In the current architecture of Admin, Discovery and Engine are two components responsible for watching the registry and runtime engine, respectively. All data sources for Admin originate from these two components. When Admin is deployed with multiple replicas, each replica performs list-watch operations and stores the retrieved data into its local store. This process can lead to data inconsistency due to various issues like network latency. Therefore, these data-source components need to evolve toward a Master-Slave architecture, ensuring that at any given time, only one replica actively performs list-watch operations and writes data into the store.

Solutions

Kubernetes Lease

The first possible approach is to leverage Kubernetes leases for leader election. Many kubernetes-native applications use leases for this purpose; however, this method requires that the Engine component must be of Kubernetes type.

Gorm + DB

The second possible approach is to implement leader election ourselves using GORM and a database, leveraging the atomicity of database operations—such as UPDATE ... WHERE combined with unique constraints or version numbers—to implement a lease mechanism and thereby elect a single leader.

Tips

Currently, Admin's component lifecycle methods include init and start.

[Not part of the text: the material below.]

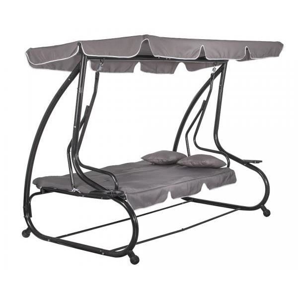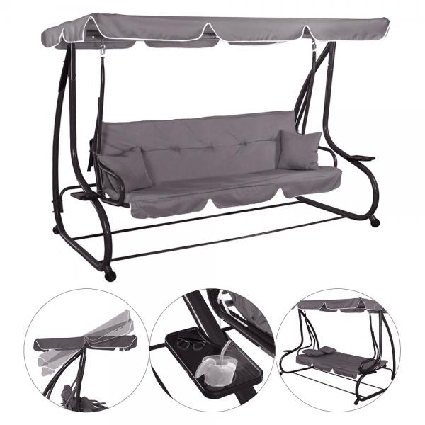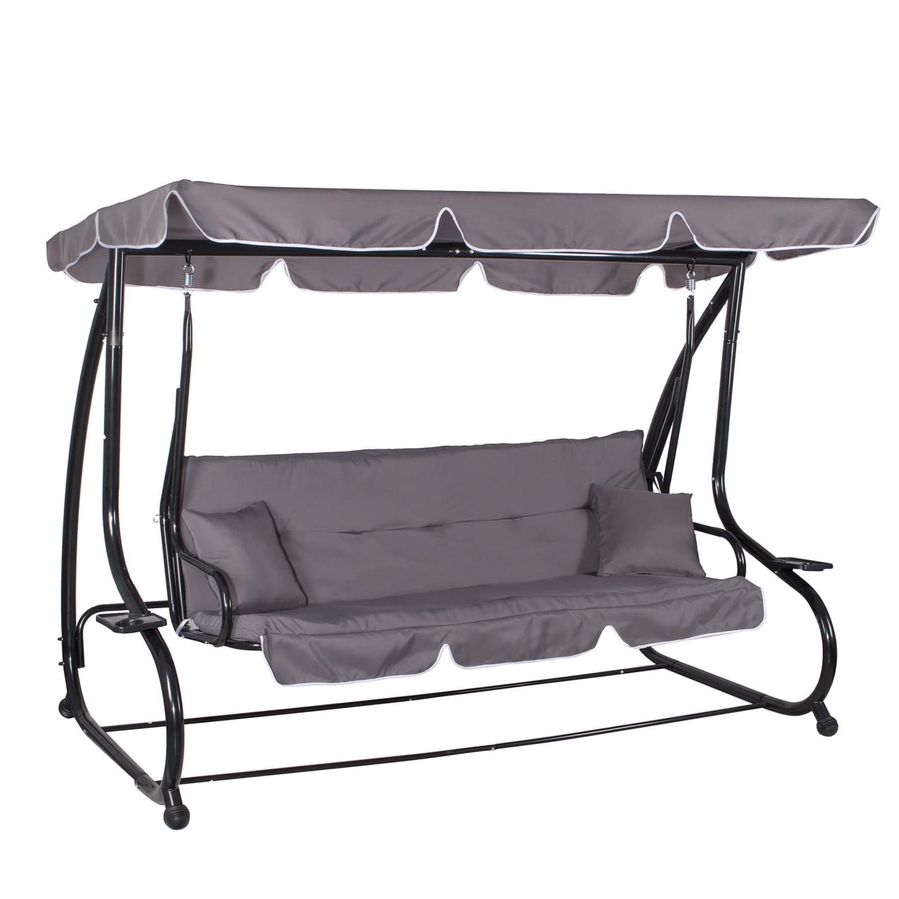 Kerti hinta, 4 üléses, szürke, 220x120x162 cm, ágy funkció, Linda

Leader election should be performed during the start phase. Only components that require leader election should execute the election logic; follower nodes' corresponding components must not execute business logic. When the leader node fails, the remaining follower nodes should be able to re-elect a new leader to take over and execute the relevant business logic.

中文版本

背景

在当前的 Admin 架构中，Discovery 和 Engine 是两个分别负责监控注册中心和运行时引擎的组件。Admin 的所有数据源都来自这两个组件。当 Admin 以多副本方式部署时，每个副本都会执行 list-watch 操作，并将获取到的数据存储到store中。由于网络延迟等多种因素，这一过程可能会导致数据不一致。因此，这些数据源组件需要演进为主从（Master-Slave）架构，以确保在任何时刻只有一个副本主动执行 list-watch 操作并将数据写入store。

PS: 上面说到的store，应该特指DB存储。

方案

Kubernetes Lease

第一种可行方案是利用 Kubernetes 的 Lease（租约）机制进行 Leader 选举。许多 Kubernetes 原生应用都采用这种方式；但该方法的前提是 Engine 组件必须是 Kubernetes 类型。

Gorm + 数据库

第二种可行方案是基于 GORM 和数据库自行实现 Leader 选举，利用数据库操作的原子性——例如结合 UPDATE ... WHERE 语句以及唯一约束或版本号——来实现租约机制，从而选举出唯一的 Leader。

提示

目前，Admin 的组件生命周期方法包括 init 和 start。Leader 选举应在 start 阶段执行。只有需要进行 Leader 选举的组件才应执行选举逻辑；处于 Follower 状态的节点，其对应组件不得执行业务逻辑。当 Leader 节点发生故障时，其余的 Follower 节点应能够重新选举出新的 Leader，接管并执行业务逻辑。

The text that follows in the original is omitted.